**Raw data**
- Opening Delimiter -

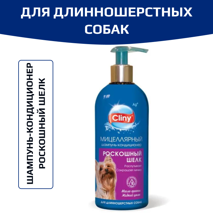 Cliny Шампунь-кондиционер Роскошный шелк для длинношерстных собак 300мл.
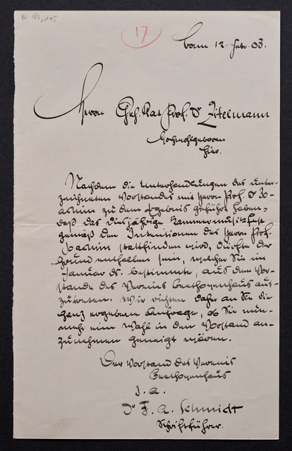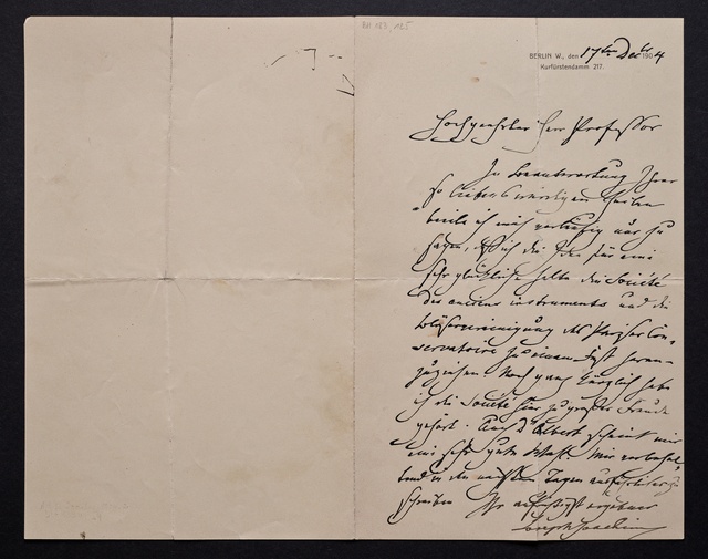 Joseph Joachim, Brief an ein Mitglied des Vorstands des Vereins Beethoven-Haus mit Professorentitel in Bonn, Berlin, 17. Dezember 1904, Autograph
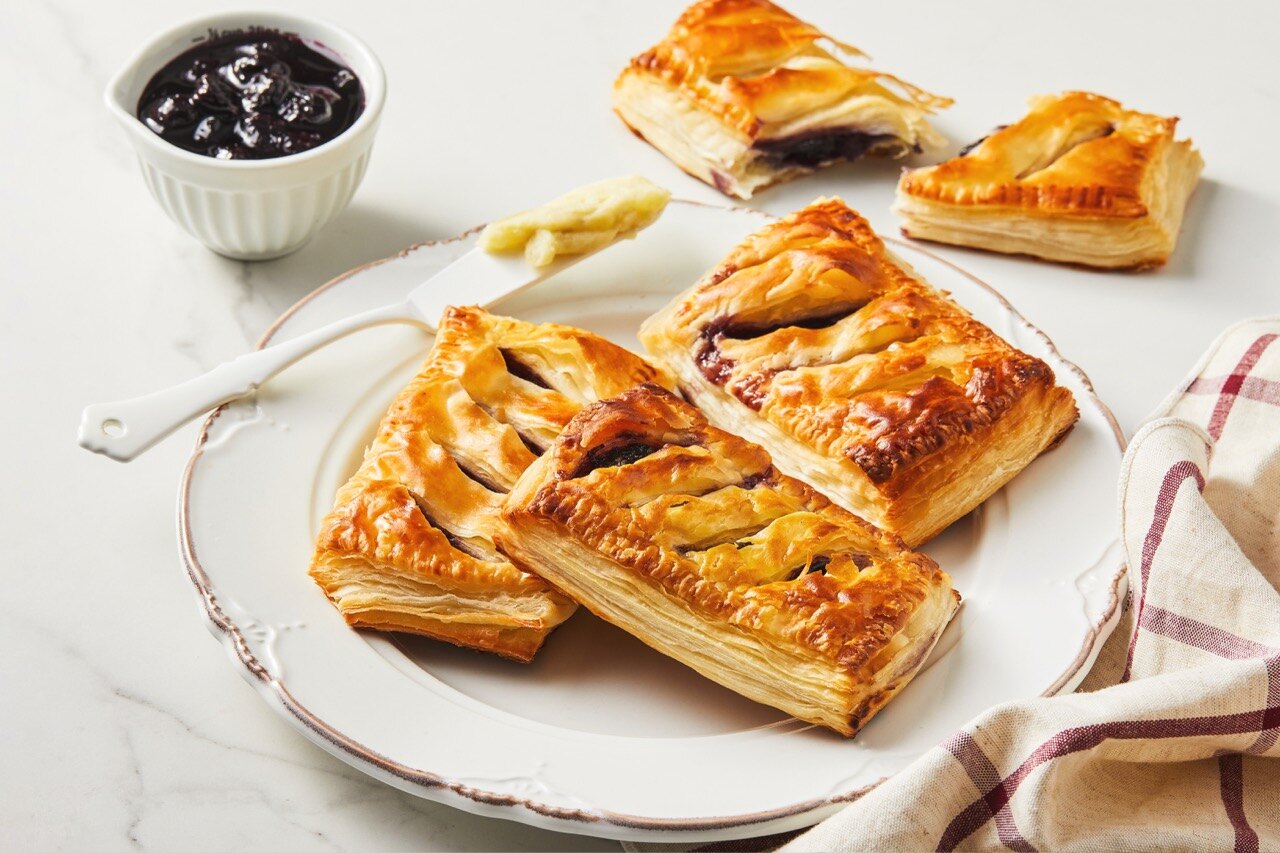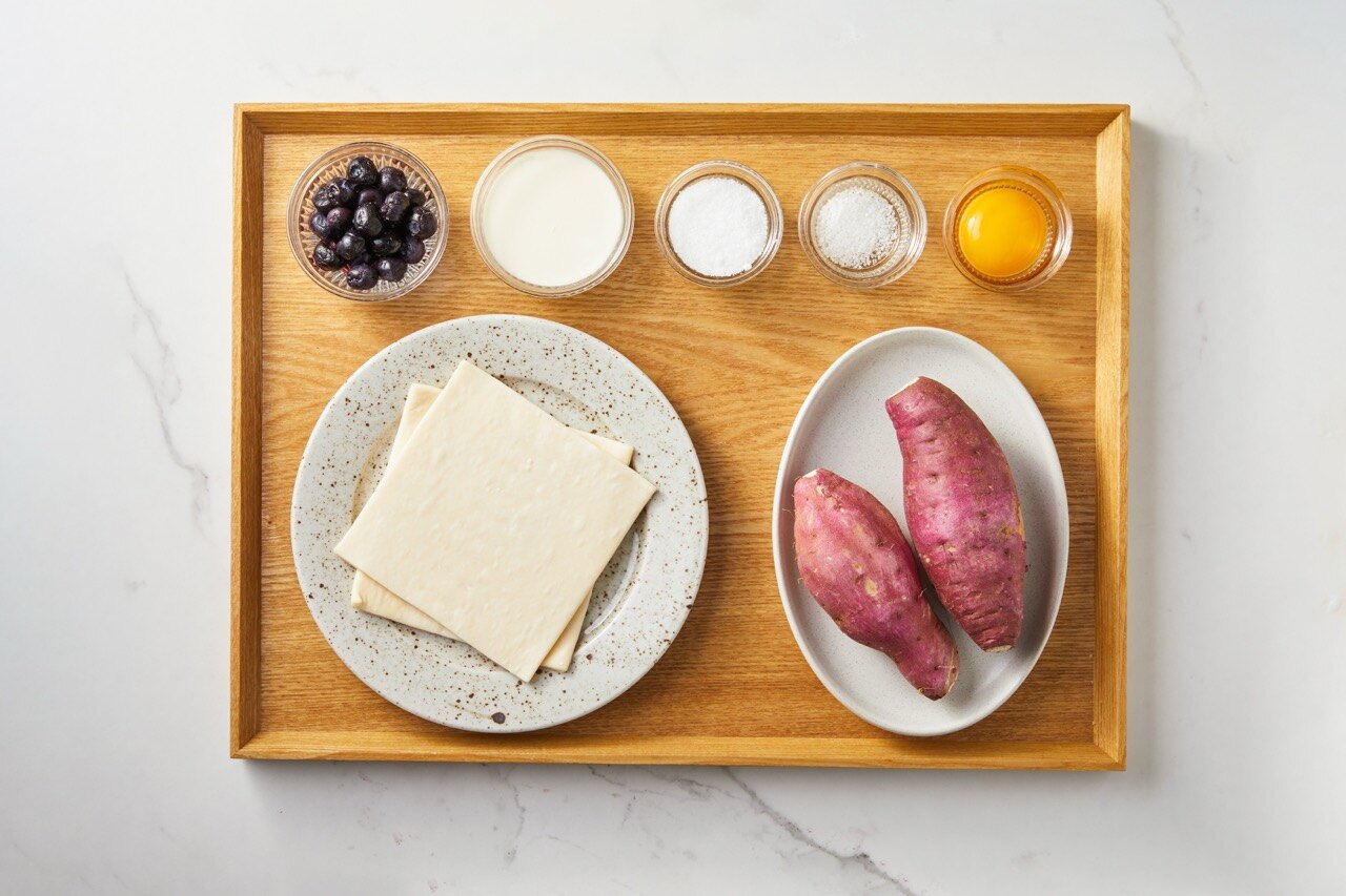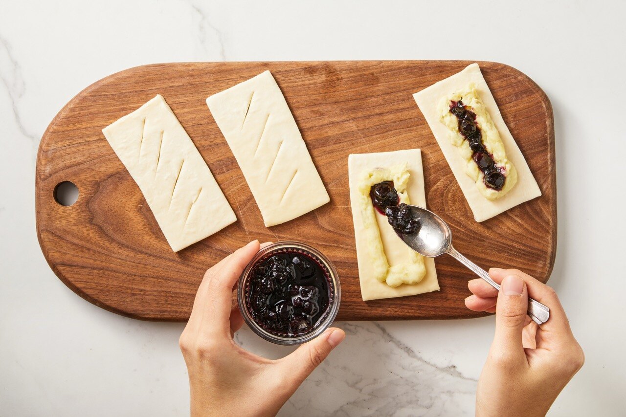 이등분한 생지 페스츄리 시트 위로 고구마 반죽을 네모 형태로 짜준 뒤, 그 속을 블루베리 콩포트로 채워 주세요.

- Closing Delimiter -

Your answer must be the full listing, copied exactly, with no pictures in it.

 Cliny Шампунь-кондиционер Роскошный шелк для длинношерстных собак 300мл.
 Joseph Joachim, Brief an ein Mitglied des Vorstands des Vereins Beethoven-Haus mit Professorentitel in Bonn, Berlin, 17. Dezember 1904, Autograph
 이등분한 생지 페스츄리 시트 위로 고구마 반죽을 네모 형태로 짜준 뒤, 그 속을 블루베리 콩포트로 채워 주세요.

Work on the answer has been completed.